▶ [INFORMATION GIVEN]
↓
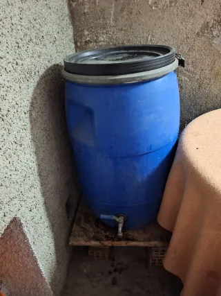 Bidón de plástico oscuro, ideal para almacenamiento. - Tapa negra con cierre de seguridad. - Grifo metálico en la parte inferior.
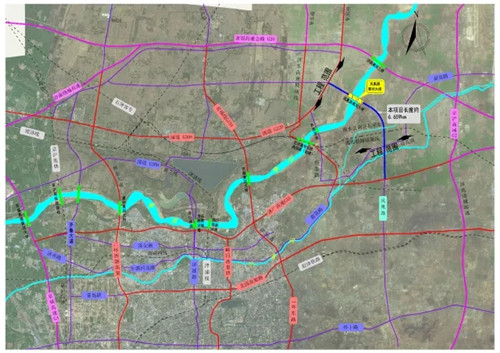 鳳凰黃河大橋由濟(jì)南城市建設(shè)集團(tuán)負(fù)責(zé)建設(shè),項(xiàng)目法人為集團(tuán)旗下的濟(jì)南城鳳公路工程有限公司。項(xiàng)目位于濟(jì)南市歷城區(qū)、高新區(qū)、濟(jì)陽縣,路線南起壩王路與荷花路交叉口,接現(xiàn)狀壩王路,依次跨越邯膠鐵路聯(lián)絡(luò)線、南水北調(diào)工程濟(jì)東明渠后繼續(xù)往北,在小河套村向西北方向延伸,跨越黃河后,終點(diǎn)位于遠(yuǎn)期規(guī)劃主干路與G220交叉口處。
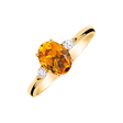 Klasický design zásnubního prstenu v moderním provedení. Oválný centrální citrín je po stranách zdoben dvěma menšími diamanty, což vypadá opravdu úchvatně.
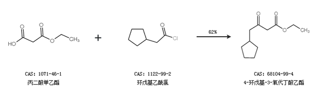 1.通过丙二酸单乙酯和环戊基乙酰氯合成4-环戊基-3-氧代丁酸乙酯,收率约62%;
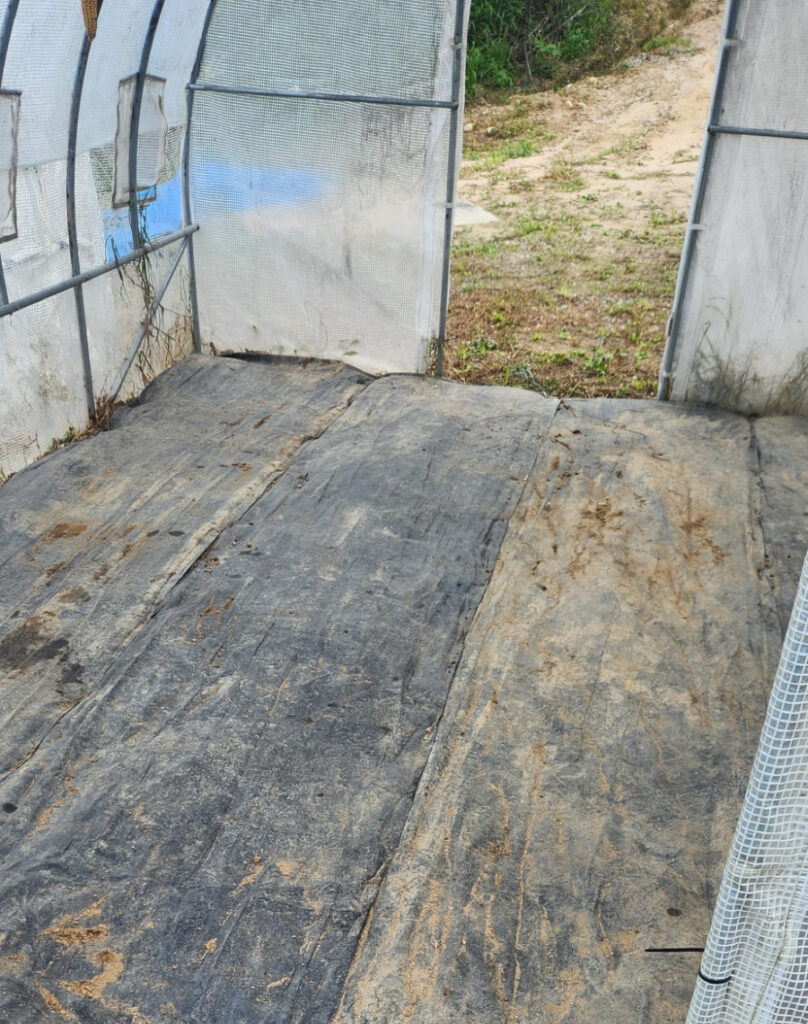 2호 비닐하우스도 제초 매트를 깔아 줍니다. 요기서 1-3호까지 참깨를 말리려고 준비합니다.
↑
▶ [REQUIRED ACTION]
Retyping should start at the first line of the data above and stop after the line with "Klasický design zásnubního", and no picture should be included.

▶ [RESULT FOR THIS EXERCISE]
 Bidón de plástico oscuro, ideal para almacenamiento. - Tapa negra con cierre de seguridad. - Grifo metálico en la parte inferior.
 鳳凰黃河大橋由濟(jì)南城市建設(shè)集團(tuán)負(fù)責(zé)建設(shè),項(xiàng)目法人為集團(tuán)旗下的濟(jì)南城鳳公路工程有限公司。項(xiàng)目位于濟(jì)南市歷城區(qū)、高新區(qū)、濟(jì)陽縣,路線南起壩王路與荷花路交叉口,接現(xiàn)狀壩王路,依次跨越邯膠鐵路聯(lián)絡(luò)線、南水北調(diào)工程濟(jì)東明渠后繼續(xù)往北,在小河套村向西北方向延伸,跨越黃河后,終點(diǎn)位于遠(yuǎn)期規(guī)劃主干路與G220交叉口處。
 Klasický design zásnubního prstenu v moderním provedení. Oválný centrální citrín je po stranách zdoben dvěma menšími diamanty, což vypadá opravdu úchvatně.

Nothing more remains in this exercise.